Task prompt >> Please write out the full listing beneath this line exactly, skipping its images.

──────── Data for review

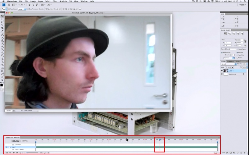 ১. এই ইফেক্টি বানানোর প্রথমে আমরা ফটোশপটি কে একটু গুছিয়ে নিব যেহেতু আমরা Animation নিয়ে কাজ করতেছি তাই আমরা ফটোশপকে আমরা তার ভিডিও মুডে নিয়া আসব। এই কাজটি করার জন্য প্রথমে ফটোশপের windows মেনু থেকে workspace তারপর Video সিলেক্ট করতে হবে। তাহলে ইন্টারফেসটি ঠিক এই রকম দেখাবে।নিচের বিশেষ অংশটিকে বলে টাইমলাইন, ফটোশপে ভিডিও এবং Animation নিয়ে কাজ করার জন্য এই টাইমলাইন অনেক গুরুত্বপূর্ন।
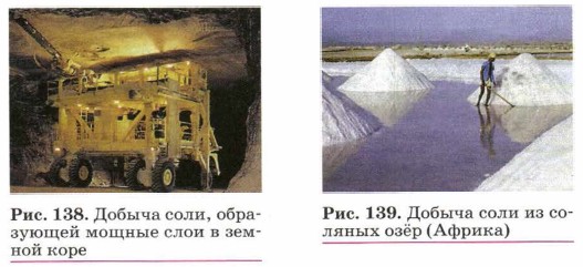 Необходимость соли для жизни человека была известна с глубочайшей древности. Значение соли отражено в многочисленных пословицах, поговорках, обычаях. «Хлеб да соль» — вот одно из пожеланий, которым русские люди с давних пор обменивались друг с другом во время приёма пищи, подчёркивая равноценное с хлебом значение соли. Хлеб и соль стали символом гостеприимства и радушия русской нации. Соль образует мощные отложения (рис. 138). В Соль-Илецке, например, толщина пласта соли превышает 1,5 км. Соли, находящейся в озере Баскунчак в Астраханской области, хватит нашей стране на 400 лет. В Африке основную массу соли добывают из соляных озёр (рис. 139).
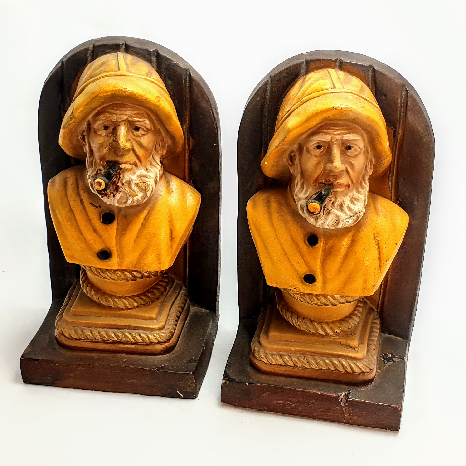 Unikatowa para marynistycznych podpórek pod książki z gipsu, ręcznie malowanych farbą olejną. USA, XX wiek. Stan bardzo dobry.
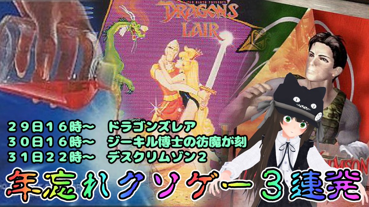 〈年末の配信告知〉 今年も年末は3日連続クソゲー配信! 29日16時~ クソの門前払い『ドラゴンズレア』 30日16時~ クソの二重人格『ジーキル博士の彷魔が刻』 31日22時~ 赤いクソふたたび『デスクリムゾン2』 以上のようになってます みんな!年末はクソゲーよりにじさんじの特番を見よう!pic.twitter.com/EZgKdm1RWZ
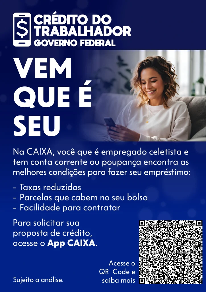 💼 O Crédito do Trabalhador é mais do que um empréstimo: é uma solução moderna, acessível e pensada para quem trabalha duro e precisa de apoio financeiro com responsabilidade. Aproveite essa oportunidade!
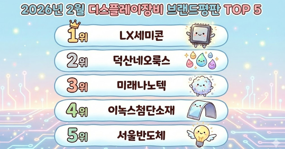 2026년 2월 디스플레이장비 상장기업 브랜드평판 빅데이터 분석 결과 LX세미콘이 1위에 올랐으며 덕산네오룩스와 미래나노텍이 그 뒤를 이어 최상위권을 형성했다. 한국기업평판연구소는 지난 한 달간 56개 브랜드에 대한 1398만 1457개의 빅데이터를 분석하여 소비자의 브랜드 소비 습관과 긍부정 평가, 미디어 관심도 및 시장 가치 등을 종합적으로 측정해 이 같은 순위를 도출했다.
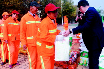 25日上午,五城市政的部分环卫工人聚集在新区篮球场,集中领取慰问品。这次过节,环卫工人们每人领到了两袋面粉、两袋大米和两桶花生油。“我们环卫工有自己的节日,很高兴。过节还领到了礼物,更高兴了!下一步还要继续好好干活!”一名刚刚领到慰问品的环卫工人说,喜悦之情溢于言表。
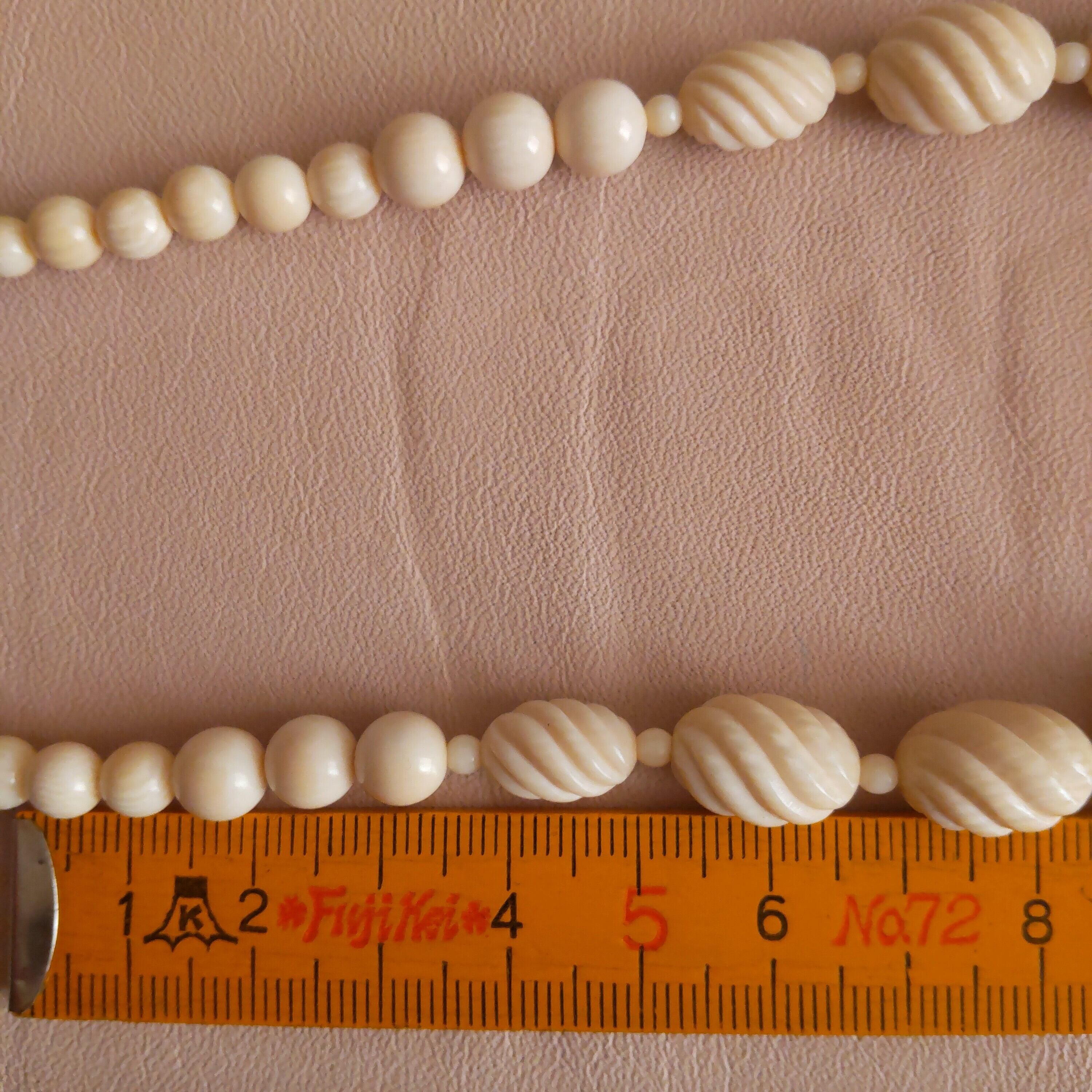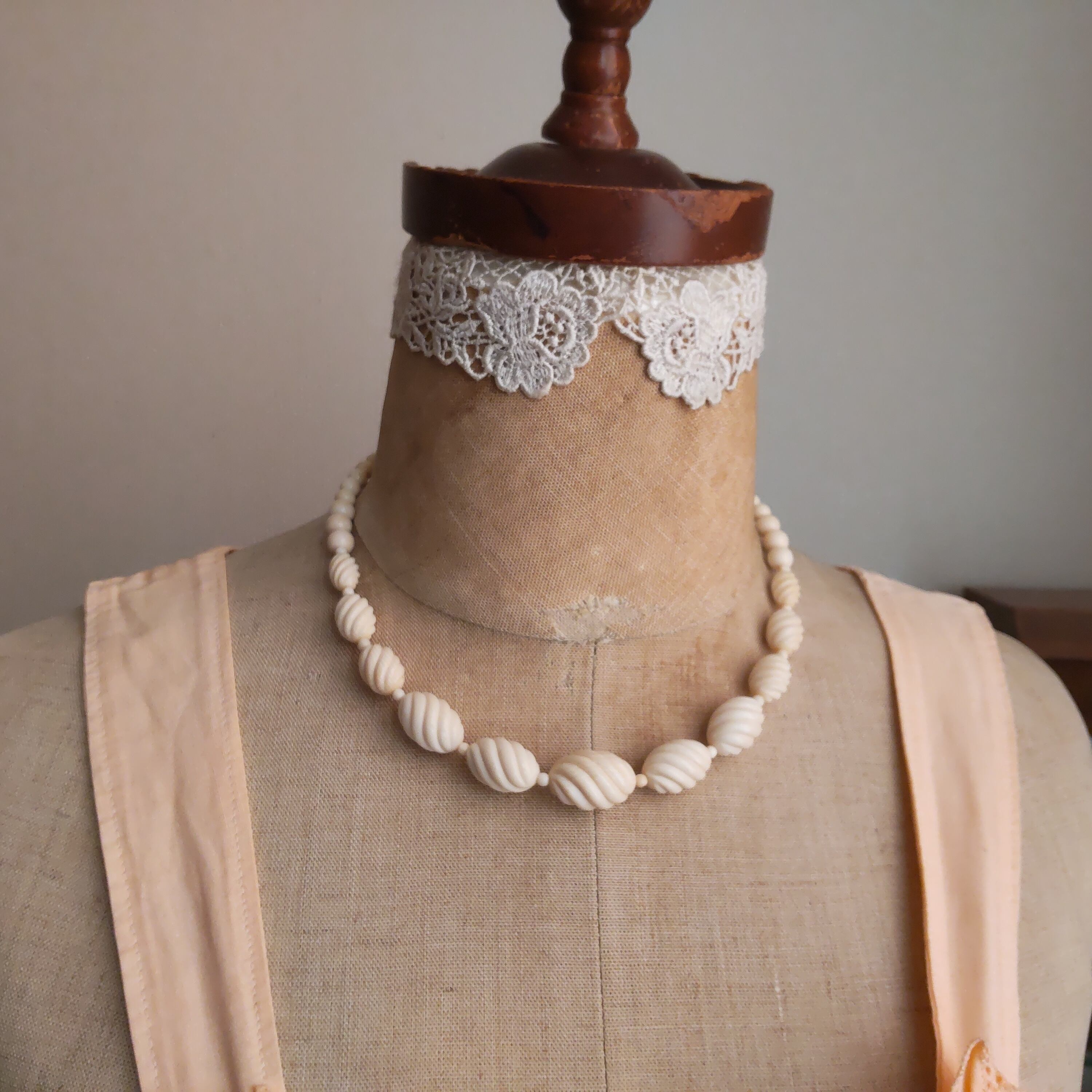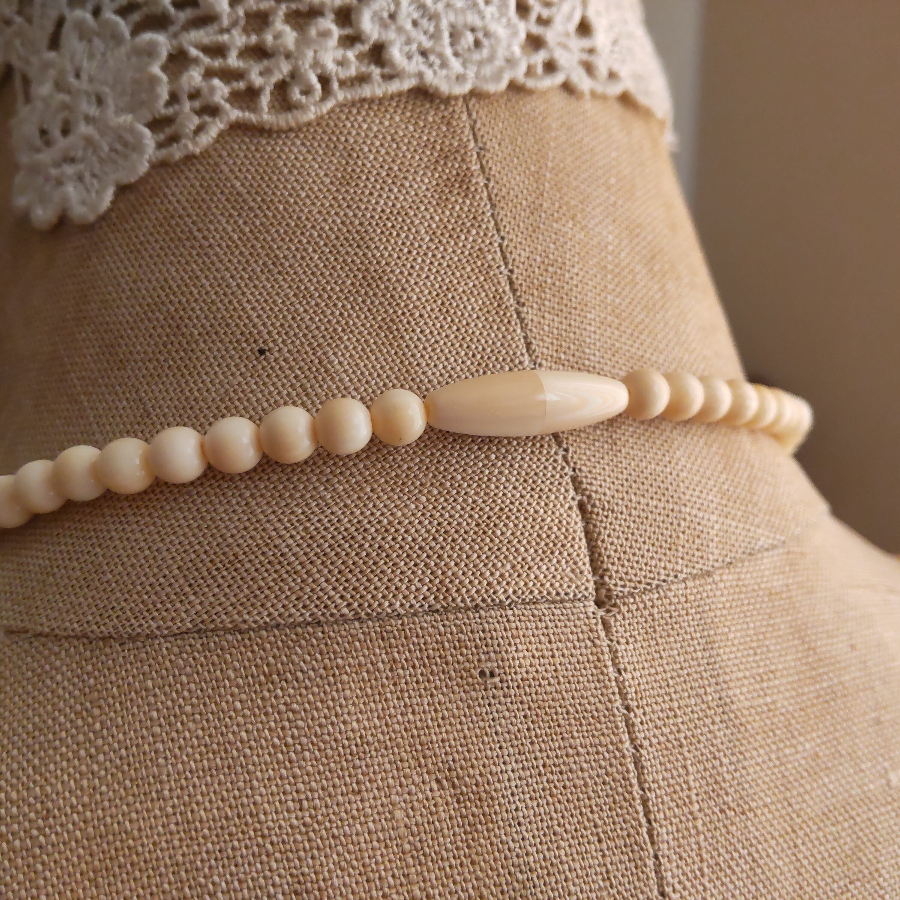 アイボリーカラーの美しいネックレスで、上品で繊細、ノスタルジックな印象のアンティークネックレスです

────────────────

Response for this exercise >>
 ১. এই ইফেক্টি বানানোর প্রথমে আমরা ফটোশপটি কে একটু গুছিয়ে নিব যেহেতু আমরা Animation নিয়ে কাজ করতেছি তাই আমরা ফটোশপকে আমরা তার ভিডিও মুডে নিয়া আসব। এই কাজটি করার জন্য প্রথমে ফটোশপের windows মেনু থেকে workspace তারপর Video সিলেক্ট করতে হবে। তাহলে ইন্টারফেসটি ঠিক এই রকম দেখাবে।নিচের বিশেষ অংশটিকে বলে টাইমলাইন, ফটোশপে ভিডিও এবং Animation নিয়ে কাজ করার জন্য এই টাইমলাইন অনেক গুরুত্বপূর্ন।
 Необходимость соли для жизни человека была известна с глубочайшей древности. Значение соли отражено в многочисленных пословицах, поговорках, обычаях. «Хлеб да соль» — вот одно из пожеланий, которым русские люди с давних пор обменивались друг с другом во время приёма пищи, подчёркивая равноценное с хлебом значение соли. Хлеб и соль стали символом гостеприимства и радушия русской нации. Соль образует мощные отложения (рис. 138). В Соль-Илецке, например, толщина пласта соли превышает 1,5 км. Соли, находящейся в озере Баскунчак в Астраханской области, хватит нашей стране на 400 лет. В Африке основную массу соли добывают из соляных озёр (рис. 139).
 Unikatowa para marynistycznych podpórek pod książki z gipsu, ręcznie malowanych farbą olejną. USA, XX wiek. Stan bardzo dobry.
 〈年末の配信告知〉 今年も年末は3日連続クソゲー配信! 29日16時~ クソの門前払い『ドラゴンズレア』 30日16時~ クソの二重人格『ジーキル博士の彷魔が刻』 31日22時~ 赤いクソふたたび『デスクリムゾン2』 以上のようになってます みんな!年末はクソゲーよりにじさんじの特番を見よう!pic.twitter.com/EZgKdm1RWZ
 💼 O Crédito do Trabalhador é mais do que um empréstimo: é uma solução moderna, acessível e pensada para quem trabalha duro e precisa de apoio financeiro com responsabilidade. Aproveite essa oportunidade!
 2026년 2월 디스플레이장비 상장기업 브랜드평판 빅데이터 분석 결과 LX세미콘이 1위에 올랐으며 덕산네오룩스와 미래나노텍이 그 뒤를 이어 최상위권을 형성했다. 한국기업평판연구소는 지난 한 달간 56개 브랜드에 대한 1398만 1457개의 빅데이터를 분석하여 소비자의 브랜드 소비 습관과 긍부정 평가, 미디어 관심도 및 시장 가치 등을 종합적으로 측정해 이 같은 순위를 도출했다.
 25日上午,五城市政的部分环卫工人聚集在新区篮球场,集中领取慰问品。这次过节,环卫工人们每人领到了两袋面粉、两袋大米和两桶花生油。“我们环卫工有自己的节日,很高兴。过节还领到了礼物,更高兴了!下一步还要继续好好干活!”一名刚刚领到慰问品的环卫工人说,喜悦之情溢于言表。
 アイボリーカラーの美しいネックレスで、上品で繊細、ノスタルジックな印象のアンティークネックレスです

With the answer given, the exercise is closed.